◆ **Exercise data**
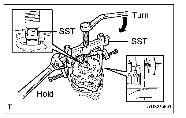 e. To loosen the pulley nut, turn SST (A) in the direction given in the illustration.
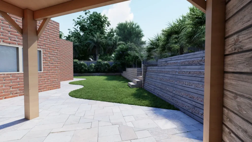- Retaining and level adjustments using timber sleepers for a cleaner transition
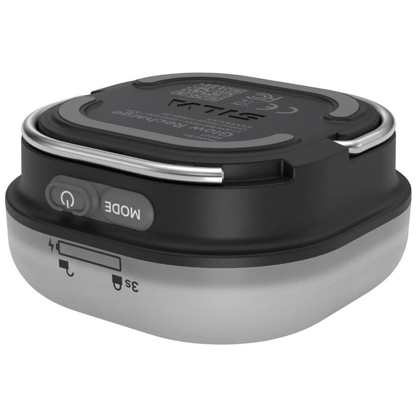 La lampada compatta Silva Glow Recharge renderà più piacevoli le tue serate in campeggio, in montagna in tenda, ma sarà utile anche per feste in giardino o durante un'interruzione di corrente. Grazie alle clip in acciaio inossidabile, può essere appesa, posizionata su un tavolo e regolata secondo necessità.
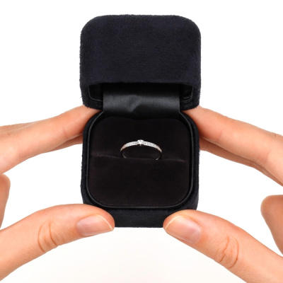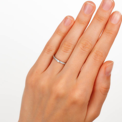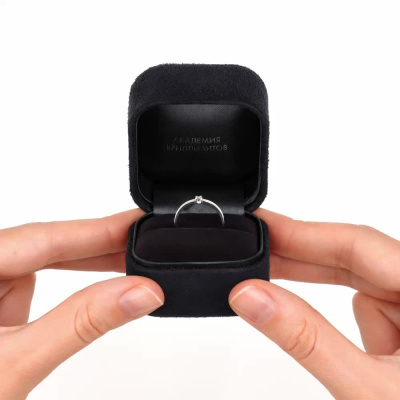 Кольцо с 1 бриллиантом природным, 0.03 карат, огранка круг 57 граней, цвет 3, чистота 6, тип огранки А; 18 бриллиантами природными, 0.05 карат, огранка круг 17 граней, цвет 2, чистота 2, тип огранки А; Белое золото 585 пробы.

◆ **Exercise**
Print the data exactly, from its first line to the line containing "- Retaining and", both included. Omit the pictures.

◆ **Problem solution**
 e. To loosen the pulley nut, turn SST (A) in the direction given in the illustration.
- Retaining and level adjustments using timber sleepers for a cleaner transition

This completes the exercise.